## [DATA FOR THE TASK]

========

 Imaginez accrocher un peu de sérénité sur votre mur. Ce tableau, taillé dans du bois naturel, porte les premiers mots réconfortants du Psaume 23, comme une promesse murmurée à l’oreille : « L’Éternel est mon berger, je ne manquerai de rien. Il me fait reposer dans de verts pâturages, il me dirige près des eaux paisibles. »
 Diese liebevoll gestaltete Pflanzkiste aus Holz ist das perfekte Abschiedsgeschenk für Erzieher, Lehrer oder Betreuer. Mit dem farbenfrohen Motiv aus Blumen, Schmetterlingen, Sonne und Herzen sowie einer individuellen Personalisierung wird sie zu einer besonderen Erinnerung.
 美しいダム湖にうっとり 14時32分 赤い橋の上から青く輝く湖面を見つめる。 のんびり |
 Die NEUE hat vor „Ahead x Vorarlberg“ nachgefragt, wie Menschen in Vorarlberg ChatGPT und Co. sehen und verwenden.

========

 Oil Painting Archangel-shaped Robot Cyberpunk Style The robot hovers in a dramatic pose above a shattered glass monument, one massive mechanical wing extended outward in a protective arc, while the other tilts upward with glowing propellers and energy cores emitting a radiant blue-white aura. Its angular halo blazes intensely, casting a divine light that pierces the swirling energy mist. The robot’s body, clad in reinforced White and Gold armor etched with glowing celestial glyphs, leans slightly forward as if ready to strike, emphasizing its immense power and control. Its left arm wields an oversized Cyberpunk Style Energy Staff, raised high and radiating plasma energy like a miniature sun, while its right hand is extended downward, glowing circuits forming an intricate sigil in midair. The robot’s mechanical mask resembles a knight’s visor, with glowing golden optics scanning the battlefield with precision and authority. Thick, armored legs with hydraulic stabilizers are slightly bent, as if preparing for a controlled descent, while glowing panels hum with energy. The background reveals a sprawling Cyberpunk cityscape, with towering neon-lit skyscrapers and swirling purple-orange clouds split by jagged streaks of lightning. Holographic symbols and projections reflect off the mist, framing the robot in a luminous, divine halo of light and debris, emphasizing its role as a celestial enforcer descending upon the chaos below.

========

## [WHAT YOU HAVE TO DO]
Reproduce only the lines above, starting at the line with "美しいダム湖にうっとり 14時32分 赤い橋の上から青く輝く湖面を見つめる。" and ending at the line with "Die NEUE hat", exactly as written.

## [YOUR SOLUTION]
 美しいダム湖にうっとり 14時32分 赤い橋の上から青く輝く湖面を見つめる。 のんびり |
 Die NEUE hat vor „Ahead x Vorarlberg“ nachgefragt, wie Menschen in Vorarlberg ChatGPT und Co. sehen und verwenden.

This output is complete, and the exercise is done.